Use the comparison table and detailed reviews above to validate the fit against your own requirements before committing to a tool.
How to Choose the Right Pii Redaction Software
This buyer's guide helps teams choose Pii redaction software by mapping real capabilities in Delphix, Microsoft Purview, Google Cloud Data Loss Prevention, Redact, Informatica Intelligent Data Security, Bold BI (Redaction via Data Security), Prisma Cloud, and OpenText Enterprise Data Protection to concrete use cases.
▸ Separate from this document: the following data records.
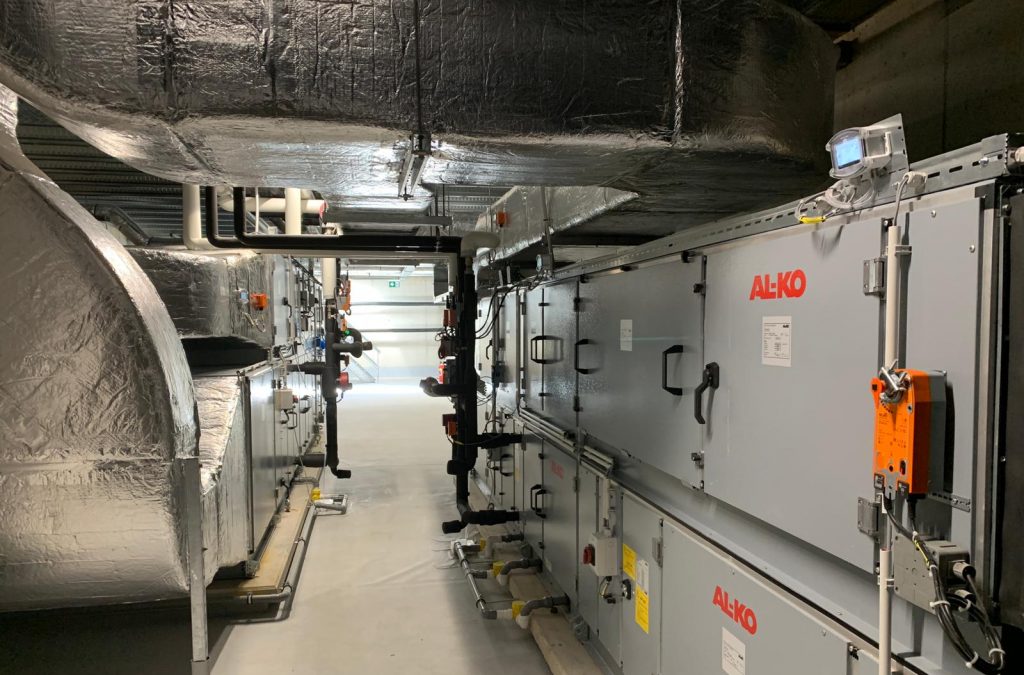 In de uitvoering liepen Lems en zijn collega’s tegen de nodige uitdagingen aan. “Bij traditionele beton- of staalbouw bouw je horizontaal en per verdieping. Hier was de houten opbouw geconstrueerd in verticale segmenten, waardoor de beschikbare werkruimte voor ons erg krap was. Ook krap was de planning: alle techniek moesten binnen drie maanden geïnstalleerd zijn. We begonnen in september; voor de kerst zaten alle leidingen erin.”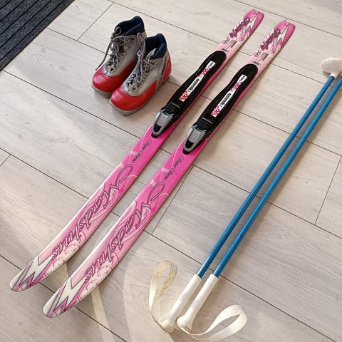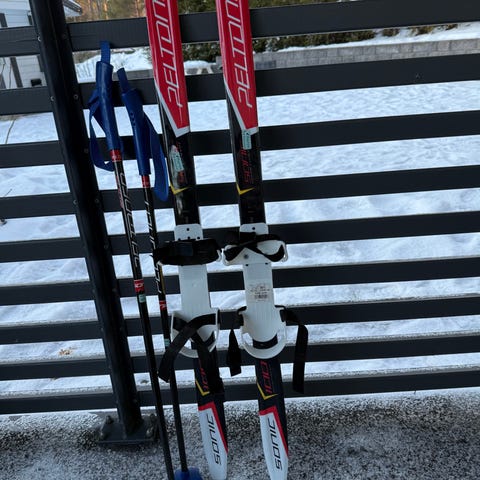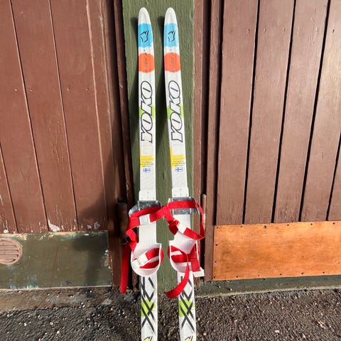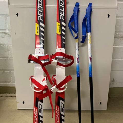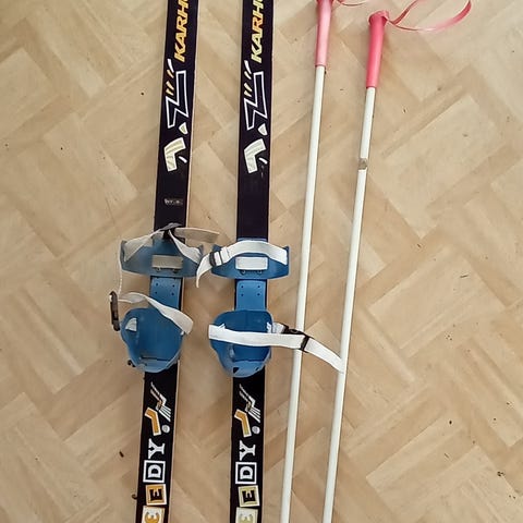 Lasten ensisukset 100 cm ja sauvat 80 cm. Sukset voiteluvapaalla pitopohjalla. Sukset kiinnitetään kenkiin.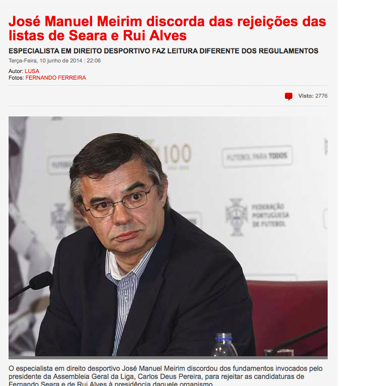 Em declarações reproduzidas na edição on-line do jornal Record, o especialista em direito desportivo José Manuel Meirim discordou dos fundamentos invocados pelo presidente da Assembleia Geral da Liga, Carlos Deus Pereira, para rejeitar as candidaturas de Fernando Seara e de Rui Alves à presidência daquele organismo.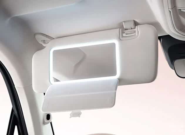 轮圈、仪表、屏幕、天窗也没搞什么区别对待,全系看上去都一个样,一般人分不清高低配。无线充电也是标配,全系10喇叭音响。此外车上化妆也很方便,化妆镜比一般车大,灯也比一般车亮,还有专门放粉底、口红的地方。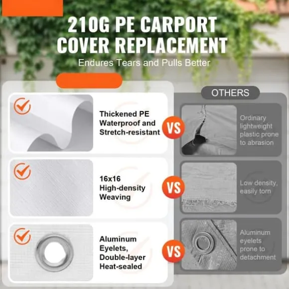 Hållbart material: Den övre duken av baldakinen är tillverkad av 210 g PE-plast, medan sidodelarna är gjorda av 180 g PE-plast. Båda är tillverkade med ett 16 x 16 vävmönster för ökad tjocklek och hållbarhet mot vattenansamlingar. Dubbellager av varmt förseglade sömmar och förstärkta kardborreband säkerställer hållbarhet och lång livslängd.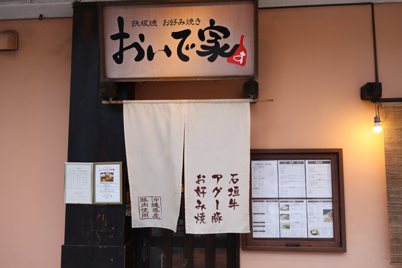12月25日の夕方、那覇久茂地の路地裏にポツンと立つ普通のアパートの一階に白いのれんが掛かった小さな間口のお好み焼き屋がありました、「おいで家」です。入口の間口にしては想像できないくらい店内は広々していました。
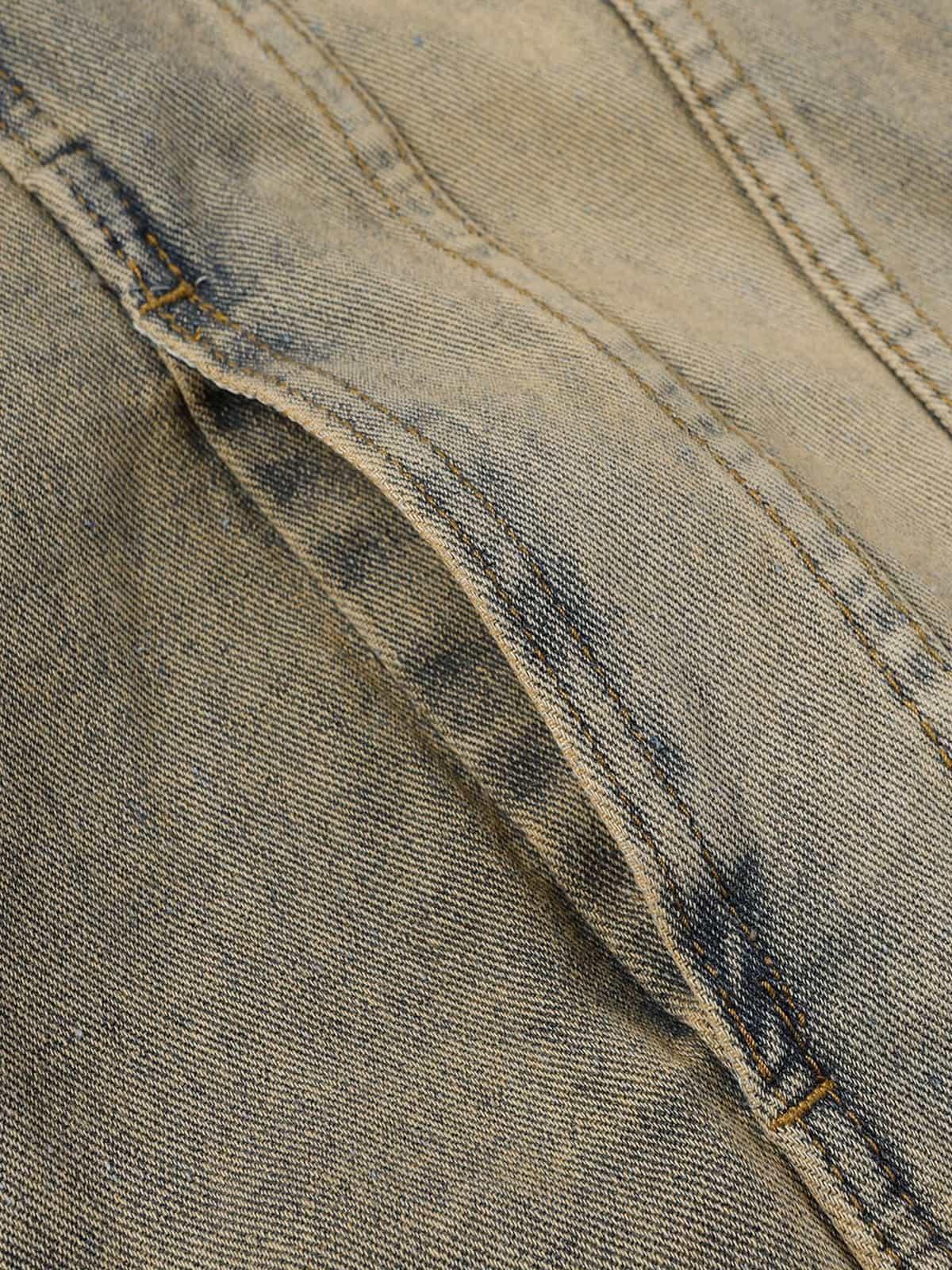 Embrace the unapologetic edge of urban culture with this bold denim jacket, featuring an artfully faded gray wash that screams retro cool. The striking gothic font emblazoned across the chest brings a rebellious flair, while the snug fit ensures you stay effortlessly stylish whether you’re rocking it in medium, large, XL, or 2XL. Layer it over your favorite Y2K outfits for an effortlessly fresh take on streetwear fashion. Snap it up and redefine your outfit inspo with every wear.

It also covers decision pitfalls tied to rule tuning, workflow fit, and operational complexity seen across the top tools.
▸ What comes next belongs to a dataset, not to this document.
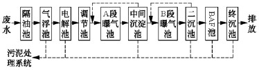 如圖1所示,廢水首先由各車(chē)間匯入隔油池除去浮油,隔油池兼起水量和水質(zhì)調(diào)節(jié)作用;然后由泵提升至氣浮池,通過(guò)加入PAC絮凝劑除去廢水中的乳化油;氣浮出水通過(guò)電解池中電濾機(jī)進(jìn)行電解,電解池出水進(jìn)入調(diào)節(jié)池,通過(guò)投加10%的稀硫酸調(diào)節(jié)pH至6.5~7.8;再進(jìn)入生物吸附和曝氣生物濾池(BAF)進(jìn)行生化處理,出水最終經(jīng)終沉池達(dá)標(biāo)排放。其中隔油池上層廢油定期回收;氣浮和電解的浮渣及生化產(chǎn)生的剩余污泥經(jīng)污泥處理系統(tǒng)中板框壓濾機(jī)脫水后泥餅外運(yùn),壓濾機(jī)濾液經(jīng)管道回流至隔油池。

What Is Pii Redaction Software?
Pii redaction software detects personally identifiable information and masks, tokenizes, or obfuscates sensitive values so they do not appear in outputs, exports, logs, or downstream systems. It solves exposure problems where raw SSNs, credit card numbers, or other PII can leak during testing, analytics rendering, document handling, or security investigations. Delphix operationalizes masking and governed access during data virtualization for non-production environments. Redact uses rule-based pattern detection to apply deterministic masking transformations in automated text pipelines.
Key Features to Look For
The right feature set determines whether Pii redaction stays consistent across discovery, policy enforcement, and the actual moment where data is rendered or provisioned.
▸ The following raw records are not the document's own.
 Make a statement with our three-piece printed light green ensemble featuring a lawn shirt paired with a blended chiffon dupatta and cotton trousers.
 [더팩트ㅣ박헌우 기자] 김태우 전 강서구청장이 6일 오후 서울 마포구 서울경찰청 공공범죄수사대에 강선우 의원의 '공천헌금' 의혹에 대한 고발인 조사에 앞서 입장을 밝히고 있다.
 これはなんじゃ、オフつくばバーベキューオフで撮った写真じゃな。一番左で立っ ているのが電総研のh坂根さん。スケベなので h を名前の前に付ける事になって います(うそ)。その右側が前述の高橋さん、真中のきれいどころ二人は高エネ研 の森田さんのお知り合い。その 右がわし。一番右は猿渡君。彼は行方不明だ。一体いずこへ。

Policy-driven masking tied to governed workflows
Delphix integrates policy-driven data masking with virtualized data provisioning so non-production environments receive protected datasets instead of raw PII. Informatica Intelligent Data Security enforces policy-driven masking and tokenization from sensitive-data discovery results across enterprise data flows.
Integrated PII discovery and detection quality controls
Microsoft Purview combines sensitive information discovery with governance workflows across Microsoft 365, Azure, and on-premises data sources so policies can trigger protection actions like redaction where supported. Prisma Cloud discovers sensitive data with policy enforcement so remediation and exposure tracking align with how PII is classified.
Custom detectors for organization-specific identifiers
Google Cloud Data Loss Prevention supports DLP Custom InfoTypes using regex and dictionaries to detect organization-specific PII formats. This custom detection capability reduces reliance on only built-in patterns when internal identifiers differ from standard SSN and credit card formats.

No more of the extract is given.